At the same time, U.S. envoy, General Anthony Zinni, has been in the region to try and broker some sort of peace plan. However, "Israel would be allowed to continue attacks on Palestinian presidential buildings, security headquarters and prisons as part of a Middle East 'ceasefire' plan proposed by US envoy General Anthony Zinni, it emerged yesterday" as the Guardian revealed15, April 4, 2002.

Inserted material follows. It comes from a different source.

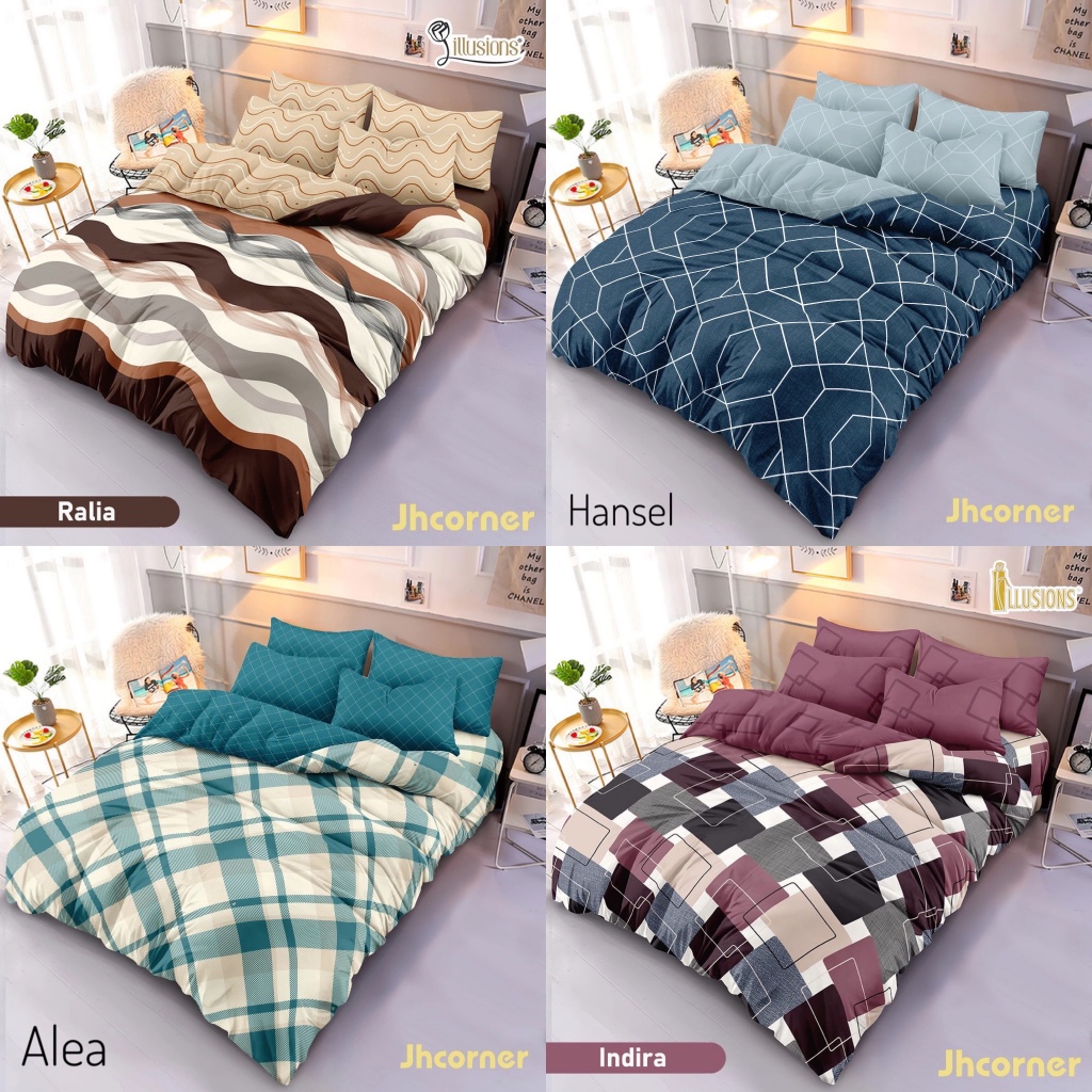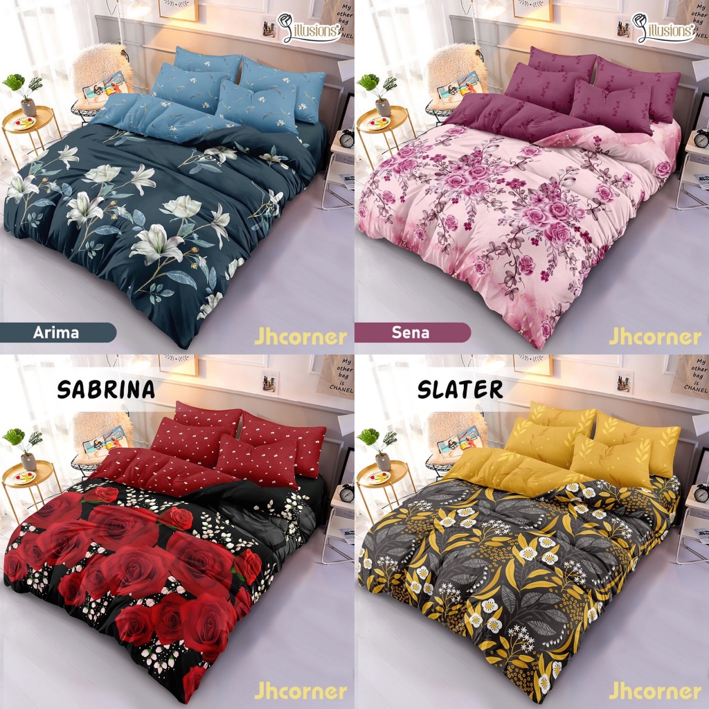 SET BEDCOVER ILLUSIONS SPREI RUMBAI UKURAN 180X200CM 6KAKI KING SIZE MOTIF BUNGA DAN MINIMALIS

Around April, the U.S. increased a hard line on the Israeli position. But this was also seen to have some political twists16 to it, given the increasing tensions that Bush is adding with Iraq and the need for Middle East support if another attack is to be made on Iraq. Saudi Arabia for example has said that this time its bases cannot be used to launch attacks, while other Middle Eastern nations have also been against attacking Iraq. They furthermore see the Palestine/Israel situation to be more critical, which needs resolving. Hence, Bush appears to be supporting a Saudi-driven peace plan and increasing its criticisms of Israel perhaps as a means to get back support for possible action against Iraq. The Tony Blair and George Bush meeting, in this context, has been scathingly criticized by John Pilger as being hypocritical17, as Bush and Blair apparently meet to discuss peace in the Middle East (for Palestine and Israel), while discussing possible ways to bomb a country (Iraq).

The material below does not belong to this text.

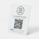 Modernes Tischschild für Ihr Unternehmen mit QR-Code für Kunden, um eine Zahlung zu machen, eine Liste Ihrer Produkte, Dienstleistungen und Preise zu sehen, Termine zu machen, sich zu registrieren, etc. Laden Sie Ihr Logo und Ihren QR-Code hoch und fügen Sie Ihren Firmennamen, Telefonnummer, Straßenadresse oder andere Informationen in einfacher Typografie hinzu. Fügen Sie Ihre instagram und facebook Benutzer-ID für Kunden, um Ihnen auf Social Media folgen.

But continuing terrorist attacks from extremist Palestinian groups has since then, very quickly seen Bush reiterate that Palestinian terrorists and Arafat are the main cause of the conflict, resulting in Israeli needing to defend itself.

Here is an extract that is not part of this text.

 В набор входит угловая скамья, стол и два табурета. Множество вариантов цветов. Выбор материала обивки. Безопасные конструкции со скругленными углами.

George Bush's speech (June 24, 2002) in which he announced that the U.S. will support a Palestinian state if the Palestinian people are prepared to reject Arafat and choose a different leader, has been met with much cynism, anger and criticism18. This has especially been the case in the Middle East, where people have suggested that Bush is saying he will support a Palestine state if the leader fits the U.S.'s definition of acceptable. In his speech, for example, he "called" for a regime change (saying near the start, "I call upon the Palestinian people to elect new leaders") while for Israel, in comparison, he merely "challenged" them to be committed to real peace (saying "So I challenge Israel to take concrete steps to support the emergence of a viable, credible Palestinian state").

"Because of the major role that the United States plays in life and death issues in the Middle East, American editors and reporters have a special responsibility to constantly examine the fairness of their reporting and how critically they examine information they present to the American people. And they need to examine the possibility of their own racism and begin treating Palestinians and other Arabs as equal citizens whose lives carry just as much value as Jewish Israeli lives."

Eduardo Cohen, What Americans need to Know - but probably won't be told - to Understand Palestinian Rage19,

(Continuing Storm: The U.S. Role in the Middle East20 from Foreign Policy in Focus provides more in-depth look at the US involvement in the Middle East.)